Sometimes, I do download softwares from external sources as well as torrents. Could a malware be causing this problem? This problem persists regardless of my macbook being connected to internet or not.

I thought about including a screenshot of the following system report. 









Now the charge is at 85% but its falling really quick even if i keep the laptop on sleep mode.

Would you guys recommend me cleaning the hard disk and restoring mac to factory settings to solve this problem or should i start saving some money for a new battery?


----------



## Headrush (Feb 9, 2005)

Start Activity Monitor and select the Energy tab and see if you can spot the process most responsible. (malware or otherwise)


----------



## tecnics007 (Sep 28, 2016)

Headrush said:


> Start Activity Monitor and select the Energy tab and see if you can spot the process most responsible. (malware or otherwise)


Yeah I checked it out. Cannot understand a lot of stuff. Could you please have a look at the screenshot? The maximum power utilisation is by chrome but I had chrome even before this problem started


----------



## Headrush (Feb 9, 2005)

Can you click the "Avg Energy Impact" column heading so it sorts in order and than post that?
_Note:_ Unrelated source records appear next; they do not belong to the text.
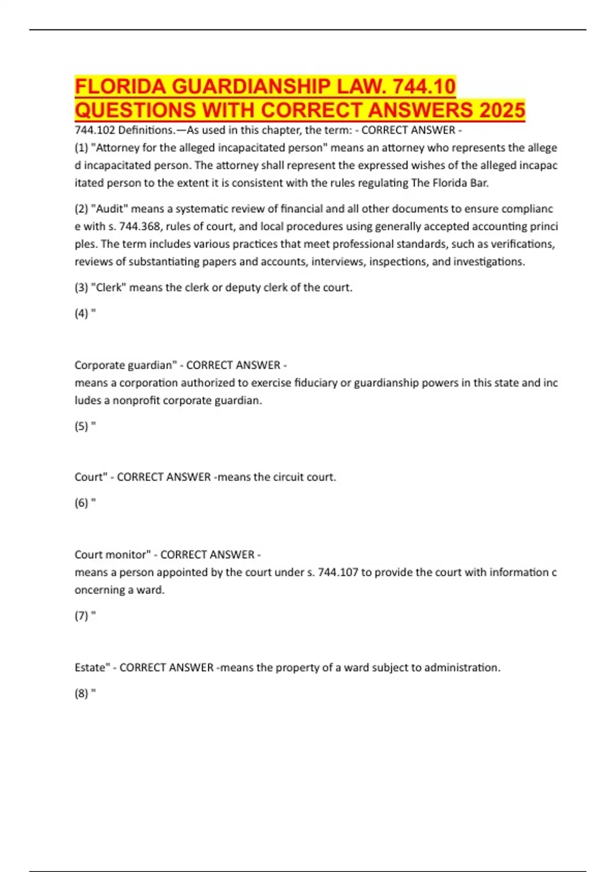 QUESTIONS WITH CORRECT ANSWERS 2025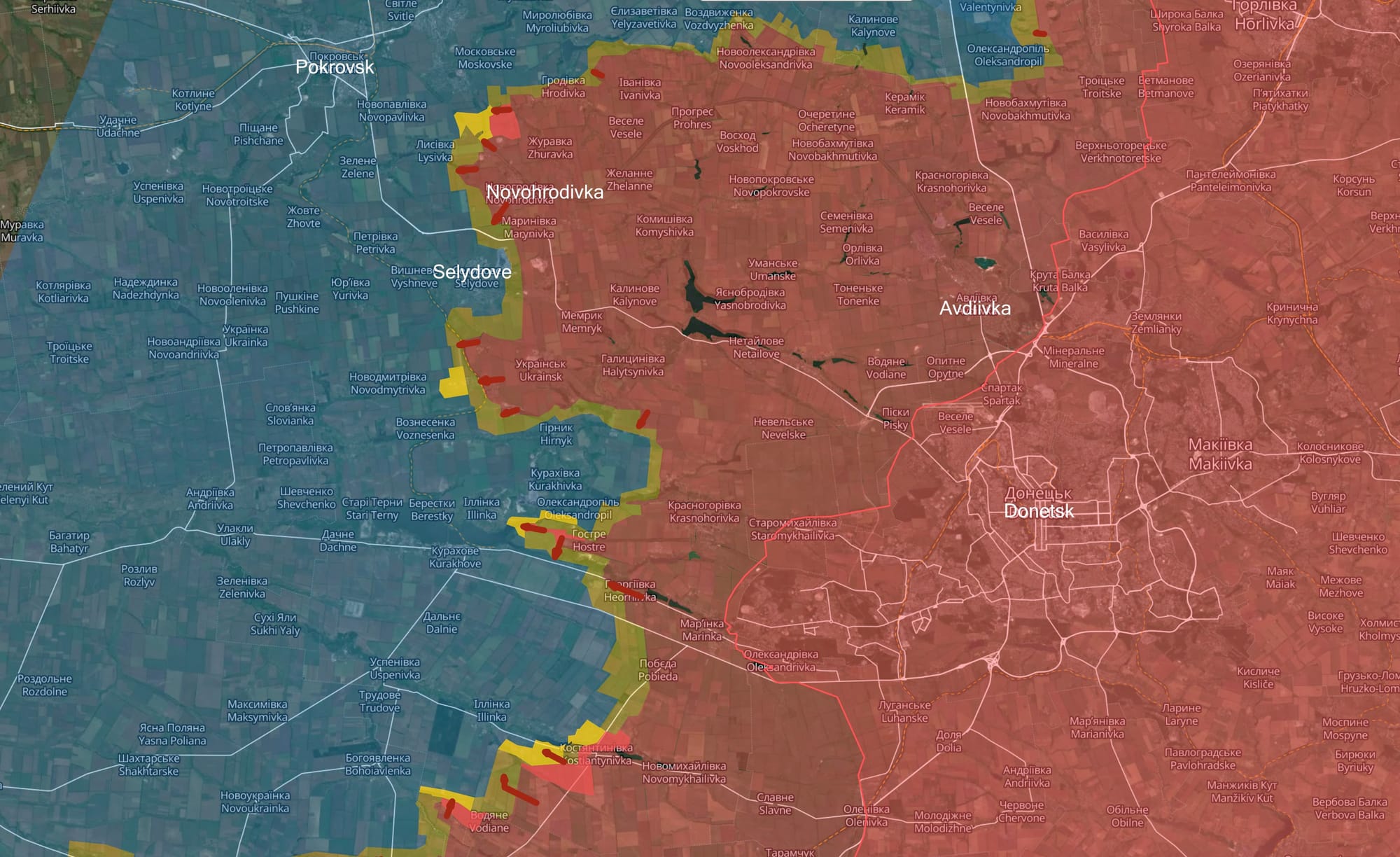 Ukraine has continued to hold the highway positions at Selydove, but the position there could become untenable in a matter of days. There are few good defensive locations between Pokrovsk and this position.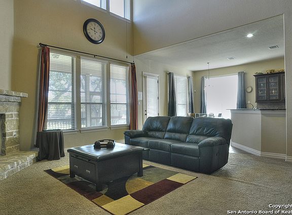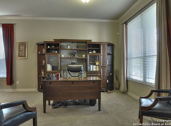 Elegant Over 4000sq.ft. in Helotes For Under $94/sq.ft.! 5 Bedrooms All w/Walkin Closets Plus a Study! Ample Gameroom Plus Theater with Elevated Seating! Master Suite Downstairs with Box Ceilings, Sitting Area & Spa-Like Bath! Smart Home -Operate Thermostat, Security, Cameras & Some Lights on Your Phone! Chef-Ready Kitchen w/Gas Cooking, Tons of Granite Counters! Soaring Beamed Ceilings in Family Room w/Stone Fireplace with Hearth & Mantle! Screened In Patio Overlooking Spacious Yard with Storage Shed! Wow House!

Also, try starting in Safe Node. (Hold shift key while booting)
See if you have the same problems. This will disable some software but it will help determine if it's software or hardware related.


----------



## tecnics007 (Sep 28, 2016)

Headrush said:


> Can you click the "Avg Energy Impact" column heading so it sorts in order and than post that?
> 
> Also, try starting in Safe Node. (Hold shift key while booting)
> See if you have the same problems. This will disable some software but it will help determine if it's software or hardware related.


I did as you asked me to do. Opened in the safe boot mode, Ampherage was -1440 
, whereas in normal mode it is -2750.

Here are the details when opened in safe mode









and..then in normal mode i sorted it by average energy impact...
here is the screenshot









However I just noticed one more thing...When i start my macbook, for the first 3-4 minutes My ampherage is just -550 and then after some time it increases upto -2475.
Does this mean something?


----------



## Headrush (Feb 9, 2005)

We can't just base it on the amperage, as that can be very dynamic.

Are you able to use it in safe mode long enough to determine whether it draining the battery as fast?
If Safe mode turns too many extensions off that you need, can you create a new user account and try working in that account, without the other being logged in also.

Running in Safe Mode is the preferable method.


----------



## tecnics007 (Sep 28, 2016)

Headrush said:


> We can't just base it on the amperage, as that can be very dynamic.
> 
> Are you able to use it in safe mode long enough to determine whether it draining the battery as fast?
> If Safe mode turns too many extensions off that you need, can you create a new user account and try working in that account, without the other being logged in also.
> ...


I did it..dude.

Couldn't take on the stress. I did it. I formatted the mac. Now the Ampherage is -500 and battery is working just fine.

But I lost all my files. I am not able to copy softwares from usb and start them from my mac. Gonna, start a new thread for that.

Thanks for the help buddy.


----------